The fly height is controlled by the suspension attached to the slider containing the magnetic recording head and the airbearing of the slider. This aerodynamic system controls the variation in fly height as the slider is positioned over the surface of the media. Traversing the head between the inner and outer radius of the disk causes a two-to-one change in velocity. Prior to current technology in airbearing designs, this change in velocity would have created a two-to-one change in nominal fly height. However, with current day airbearing designs, this variation can be reduced to a fraction of the nominal value and fly heights – the distance between the read/write elements and the magnetic surface – are typically of the order of a few millionths of an inch and as low as 1.2 micro-inches. There are several conditions – for example, altitude, temperature, and contamination – that can create disturbances between the airbearing and the disk surface and potentially change the fly height.


Thermal monitoring is a more recently introduced aspect of SMART, designed to alert the host to potential damage from the drive operating at too high a temperature. In a hard drive, both electronic and mechanical components – such as actuator bearings, spindle motor and voice coil motor – can be affected by excessive temperatures. Possible causes include a clogged cooling fan, a failed room air conditioner or a cooling system that is simply overextended by too many drives or other components. Many SMART implementations use a thermal sensor to detect the environmental conditions that affect drive reliability – including ambient temperature, rate of cooling airflow, voltage and vibration – and issue a user warning when the temperature exceeds a pre-defined threshold – typically in the range 60-65°C).

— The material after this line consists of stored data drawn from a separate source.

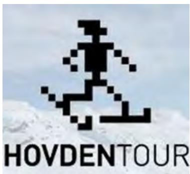
Spoke folk (s.20)
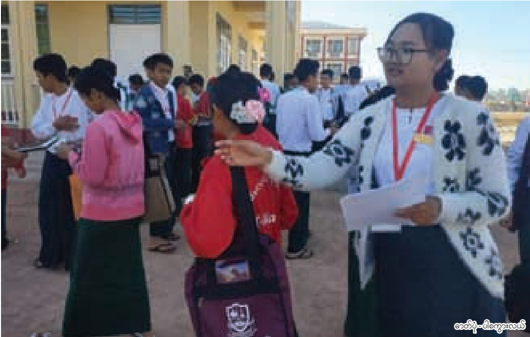
ခေတ်ပို-ပါကွေးလယ်

ပညာရေးဝန်ကြီးဌာနက အခြေခံပညာကျောင်း အတန်းငယ်များ၏ စာမေးပွဲကို မတ်လနှောင်းပိုင်းတွင် ကျင်းပရန်စီစဉ်မှုကို ကန့်ကွက်သည့်အနေနှင့် ယနေ့နံနက် ၈ နာရီခန့်က လွိုင်ကော်ပညာရေးကောလိပ်တွင် ဖြိုကြဲစိမ်းလုပ်ရှားမှုကို စတင်ခဲ့သည်။ အဆိုပါ ဖြိုကြဲစိမ်းလုပ်ရှားမှုကို တိုင်းနှင့်ပြည်နယ်အသီးသီးတွင် ဇန်နဝါရီလ ၇ ရက်နေ့ကစတင်ပြီး စစ်ကိုင်းပညာရေးတက္ကသိုလ်က စတင်ပြုလုပ်ခဲ့ပြီး အခြားကောလိပ် နှင့် တက္ကသိုလ်များက ဆက်တိုက်ပြုလုပ်လာကြခြင်းဖြစ်သည်။
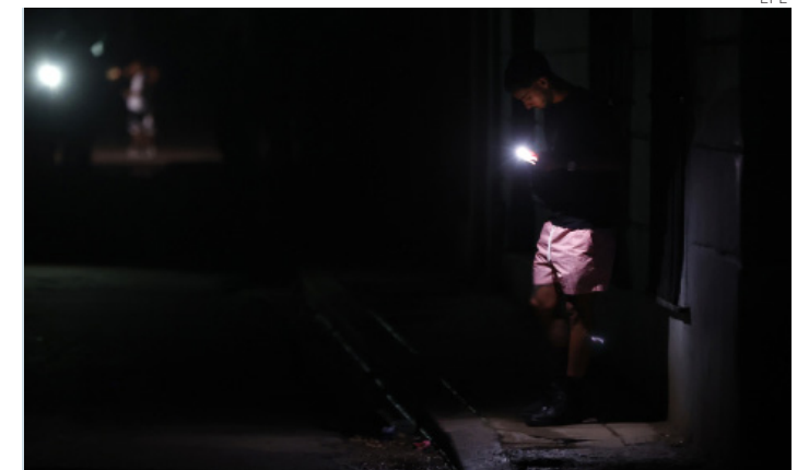
Un cubano observa su celular durante el apagón de este viernes.

Además, los fuertes vientos provocados por el huracán Milton la semana pasada complicaron la entrega de combustible desde barcos en alta mar hacia las plantas de energía (EFE) •
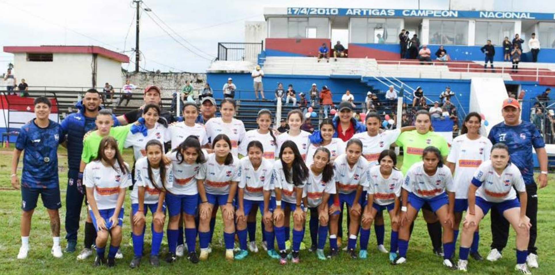
ARTIGAS FEMENINO SUB-14 - COPA O.F.I. - Artigas, Noviembre de 2023

Finales femenina y masculina sub-14. A primera hora Artigas Femenino 1, Arachanas de Melo 3. A segunda hora Artigas Masculino 3, Selección de Maldonado 0. Se jugaron ambos partidos con un piso del Estadio Matías González, en muy mal estado, totalmente halagado, por las intensas precipitaciones previas al evento, y durante el transcurso del mismo. Incluso hubo esporádicas apariciones de descargas eléctricas, lo que no fue tenido en cuenta por la terna arbitral, continuando con el desarrollo
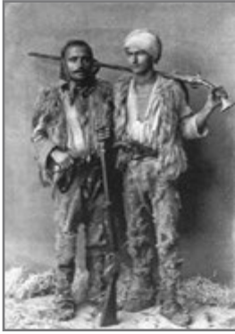
Bild 40: Bewaffnete Männer aus der Gegend um Shala: Kel Marubi (zw. 1900 und 1919)

interessieren. 1857 publizierte er ein Album mit 23 Kautypen über die Insel. 1869 fotografierte er die Taufe des zweiten Sohns des griechischen Königs Georg I.; anschließend wurde er zum Hoffotografen ernannt. Einige Jahre später ließ er sich in Lavrio (Attika) nieder und eröffnete dort ein Studio, in dem auch sein Sohn arbeitete (ebd., 65 f.).
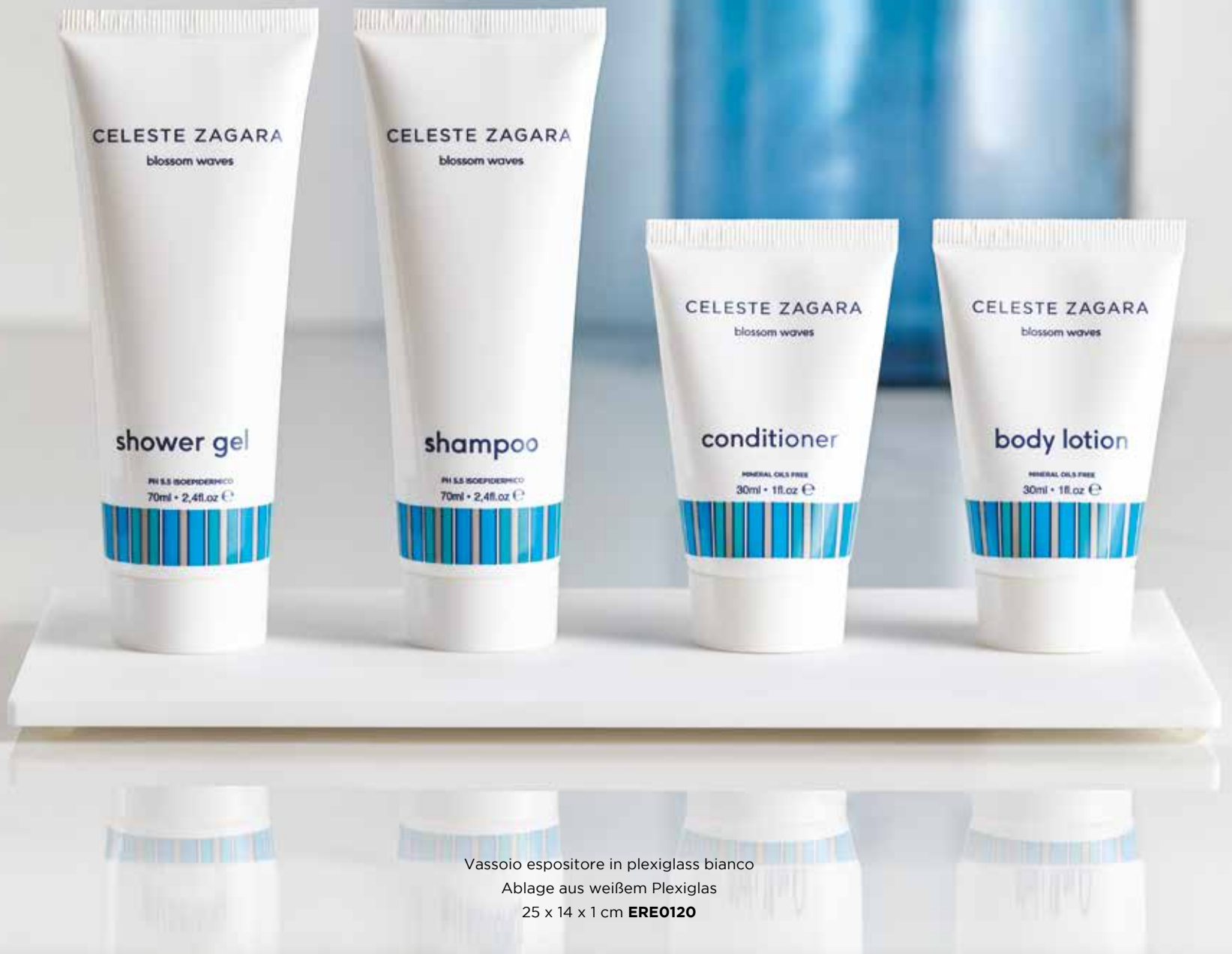
Vassoio espositore in plexiglass bianco Ablage aus weißem Plexiglas 25 x 14 x 1 cm ERE0120

Gel doccia Duschgel 30 ml CZ30SG 70 ml CZ70SG
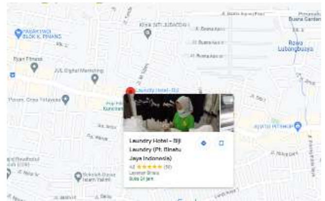
Gambar 2. Peta Lokasi Tempat Pelatihan

Pelatihan dilakukan secara luring di lokasi kerja PT BIJI, yaitu di Jl. Sultan Ageng Tirtayasa No.20, Kunciran, Kec. Pinang, Kota Tangerang, Banten 11440. Berikut ini pada Gambar 2 ditunjukkan peta lokasi kegiatan pengabdian ini.
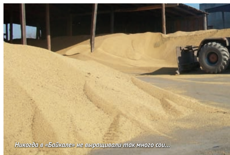
Никогда в «Байкале» не выращивали так много сои...

Многое! Вот удобрения - пока мы вносим их немного, планируем по возможности увеличивать нормы, особенно фосфорных. Но, к сожалению, у нас нет надежных картограмм обеспеченности почвы подвижными элементами питания, из-за этого мы
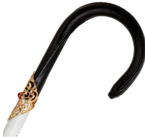
Рисунок 10. Зонтик Il Marchesato с кристаллами от Сваровски для Schirm Oertel.
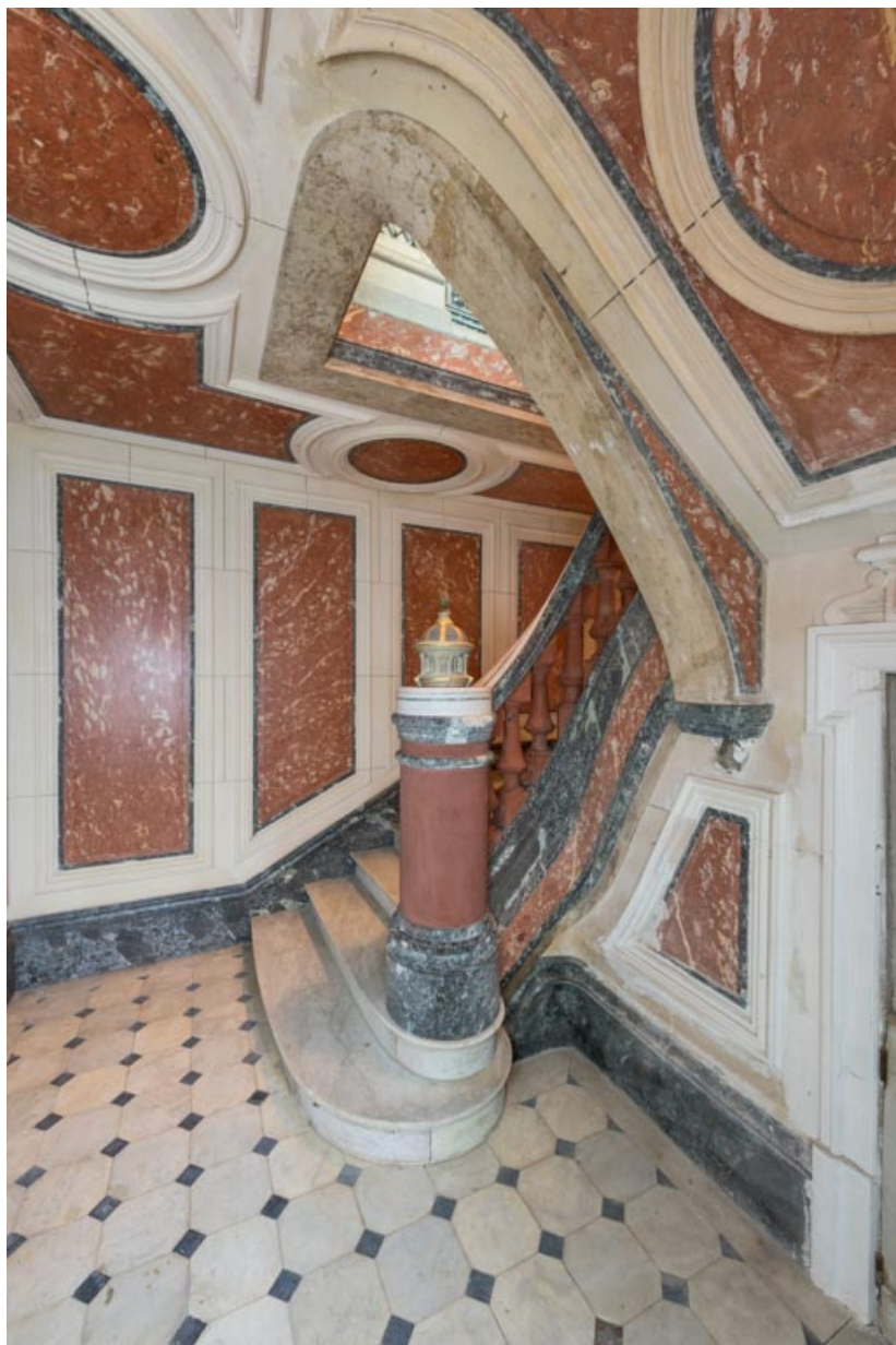
Vue depuis l'entrée.
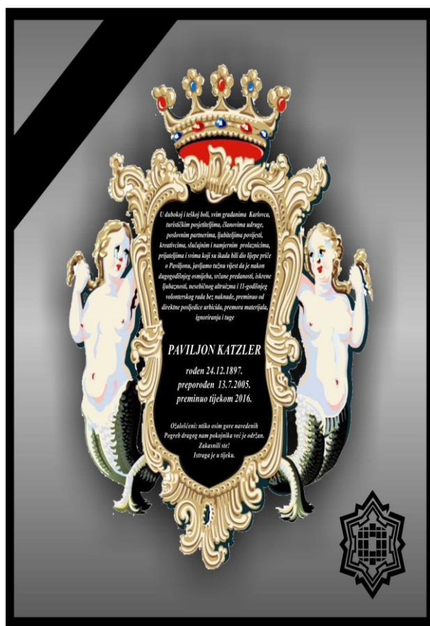
Slika 13. Osmrtnica paviljonu
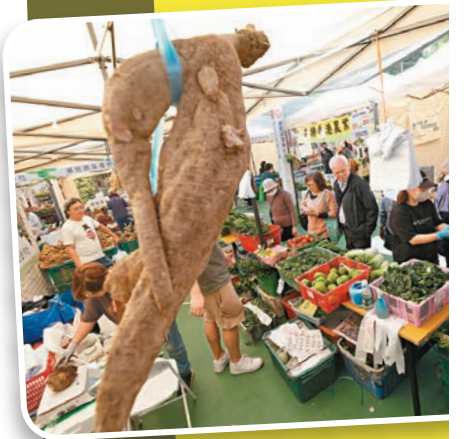
◆市民大讚「薑又靚菜又靚」。

嘉年華另設本地美食及有機或健康食品攤位、漁農業展覽、拍照區等，更有虛擬實境技術(VR)讓市民體驗現代化農業科技，包括全環控水耕技術、農場機械化等。現場亦設表演活動，包括歌手獻唱、文藝表演，以及米芝蓮三星餐廳主廚烹飪示範。
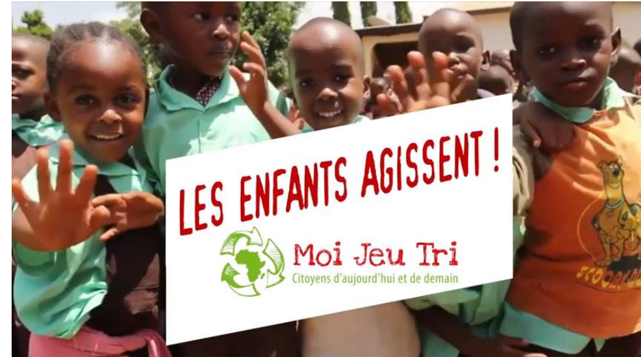
Vidéo bilan de l'année des activités Moi Jeu tri dans 40 écoles à Lomé Lire la vidéo...
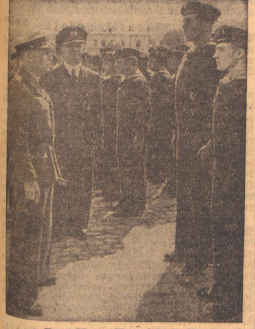
Zwei Meter, Herr Admiral! Beim Abschreiten der angetretenen Besatzungen...
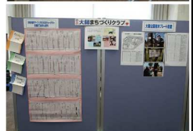
大師第1・2・3まちづくりクラブの展示

第13回を迎えた「かわさき大師サマーフェスタ」のクイズラリーの様子や石観音で読まれた俳句などを展示しました。
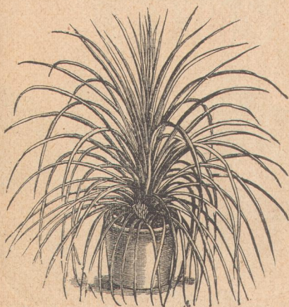
6693. Драцена индивиза.
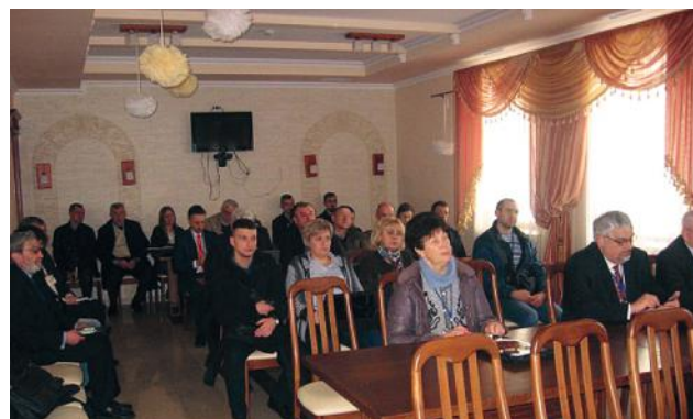
На секційному засіданні МНТК "Геофорум-2016"
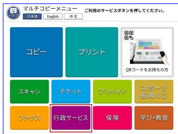
(例)セブンイレブン キオスク端末画面

※注意事項：海外用接種証明書は、自治体窓口かアプリで事前手続きしてあれば発行可能
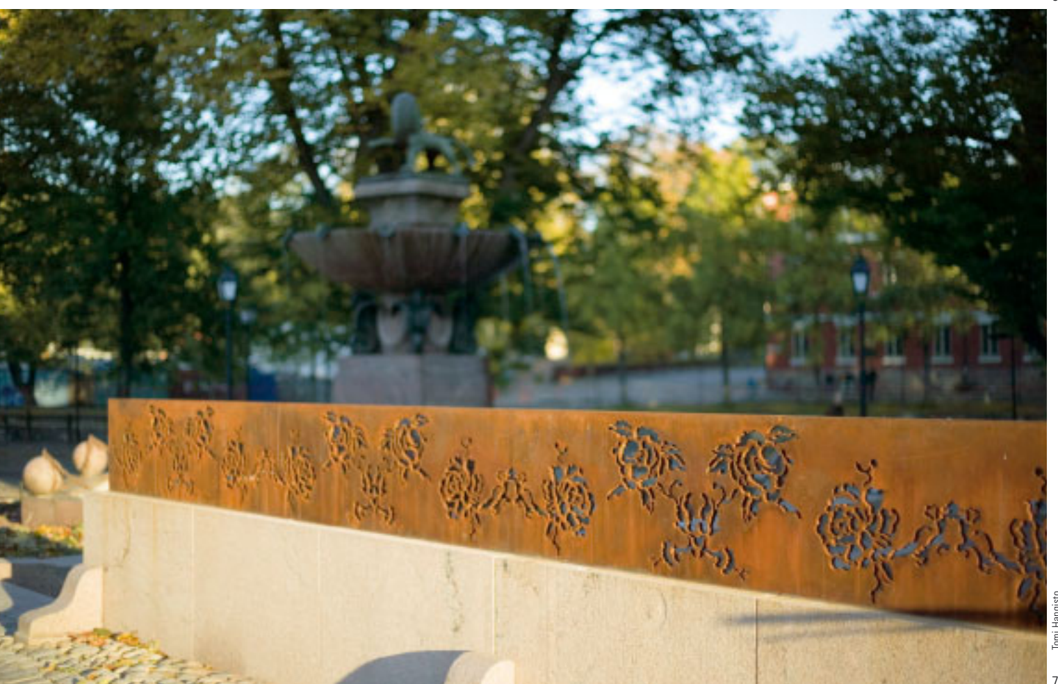
Tomi Hangisto 7, 8
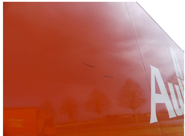
Beschädigung 5: Koffer: Seitenwand links - Delle / Lackschaden - lackieren
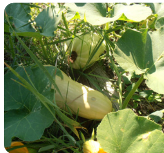
Courges cultivées sur paillage de résineux
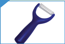
1 Spargelschäler aus Ceramic verschiedene Farben
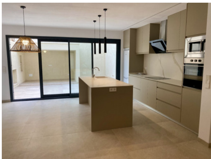
Cocina moderna y acceso al patio
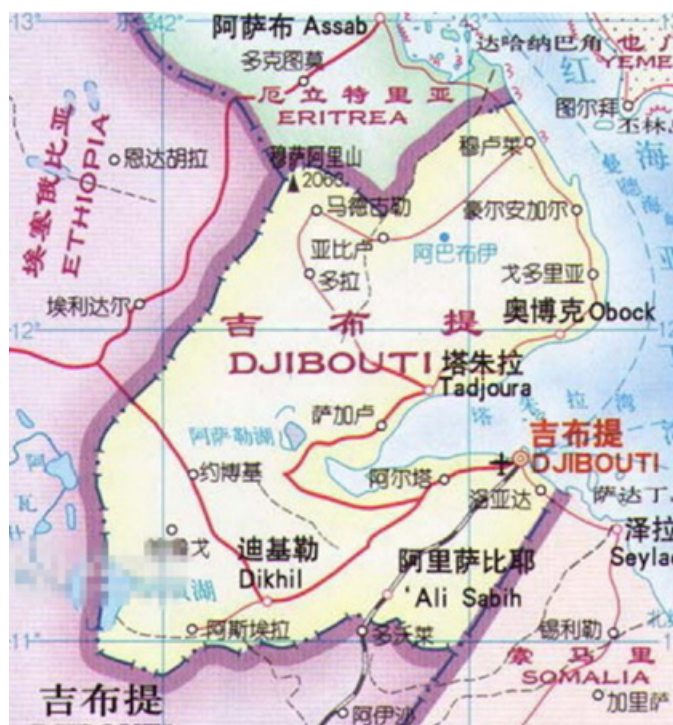
Mappa cinese di Gibuti (Jibuti, 吉布提). La decisione di stabilire la prima base militare all'estero rappresenta un importante cambio di rotta per la diplomazia cinese. La futura base, insieme a un quadro legale più chiaro, offrirà il fondamento per un ruolo più attivo della Cina nel campo della sicurezza internazionale.

In conclusione, con la base a Gibuti si apriranno nuovi importanti scenari per la diplomazia e le Forze armate cinesi. Data la natura principalmente reattiva della politica cinese in tema di coinvolgimento militare fuori dall'Asia, rimane difficile prevedere
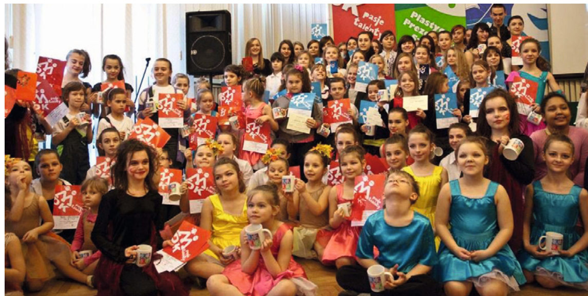
● Młodzieżowy Dom Kultury co roku rozszerza swoją ofertę dla dzieci i młodzieży. W tym roku jest aż 101 grup.
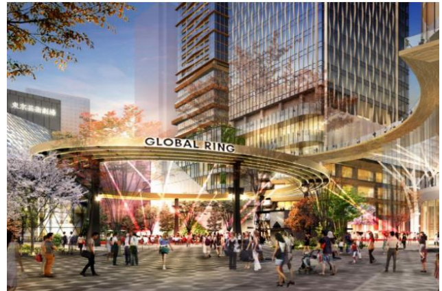
■イメージパース②（南東側より池袋西口公園、計画建物を望む）
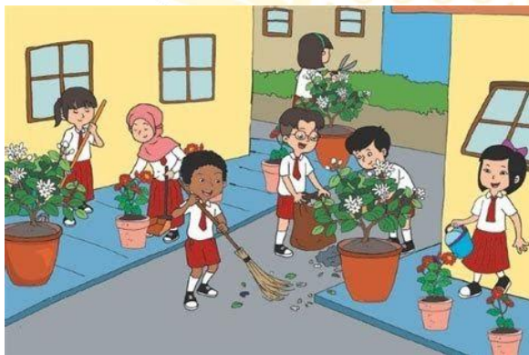
Gambar 2. 1 Bekerja Sama Membersihkan Lingkungan Sekolah
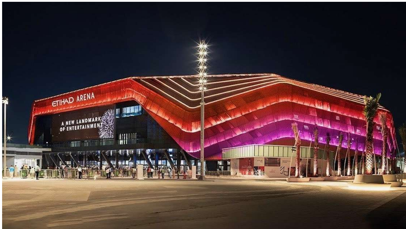
21st Century Orchestra | Etihad Arena, Abu Dhabi
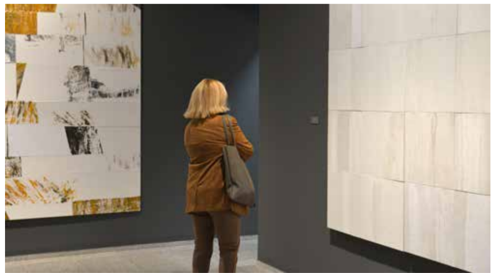
Una mujer observa una obra de la exposición Carrara, en la sala de la Glorieta.
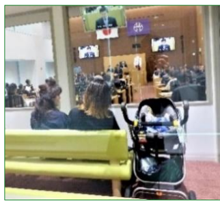
防音の親子傍聴席(ベビーベッド有り)

議場には車いすスペースや親子傍聴席もあります。傍聴ご希望の方は庁舎13階の区議会フロアにお越しください。ご住所・お名前をご記入いただき、傍聴券をお渡しいたします。
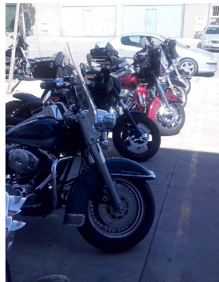
Después del Big Twin algunos aún nos fuimos a cenar a Les Canyes., y es que algunos nos cuesta decidir cuándo acaba la fiesta
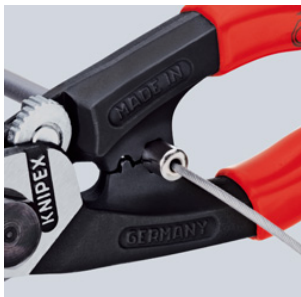
Prensar los terminales a la funda Bowden
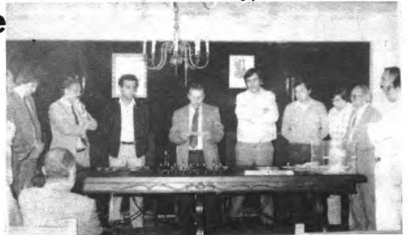
El nuevo ayuntamiento de Lloseta.

The table below identifies a number of other failure conditions, their typical symptoms and causes and the various factors whose monitoring can enable impending failure to be predicted:

Type of Failure Symptom/Cause Predictor
Excessive bad sectors Growing defect list, media defects, handling damage Number of defects, growth rate
Excessive run-out Noisy bearings, motor, handling damage Run-out, bias force diagnostics
Excessive soft errors Crack/broken head, contamination High retries, ECC involves
Motor failure, bearings Drive not ready, no platter spin, handling damage Spin-up retries, spin-up time
Drive not responding, no connect Bad electronics module None, typically catastrophic
Bad servo positioning High servo errors, handling damage Seek errors, calibration retries
Head failure, resonance High soft errors, servo retries, handling damage Read error rate, servo error rate

In its brief history, SMART technology has progressed through three distinct iterations. In its original incarnation SMART provided failure prediction by monitoring certain online hard drive activities. A subsequent version improved failure prediction by adding an automatic off-line read scan to monitor additional operations. The latest SMART technology not only monitors hard drive activities but adds failure prevention by attempting to detect and repair sector errors. Also, whilst earlier versions of the technology only monitored hard drive activity for data that was retrieved by the operating system, this latest SMART tests all data and all sectors of a drive by using off-line data collection to confirm the drive’s health during periods of inactivity.


Up until the late 1990s, the implementation of RAID had been almost exclusively in the server domain. By then, however, processor speeds had reached the point where the hard disk was often the bottleneck that prevented a system running at its full potential. Aided and abetted by the availability of motherboards that included a RAID controller – by 2000 the deployment of RAID’s striping technique had emerged as a viable solution to this problem on high-end desktop systems.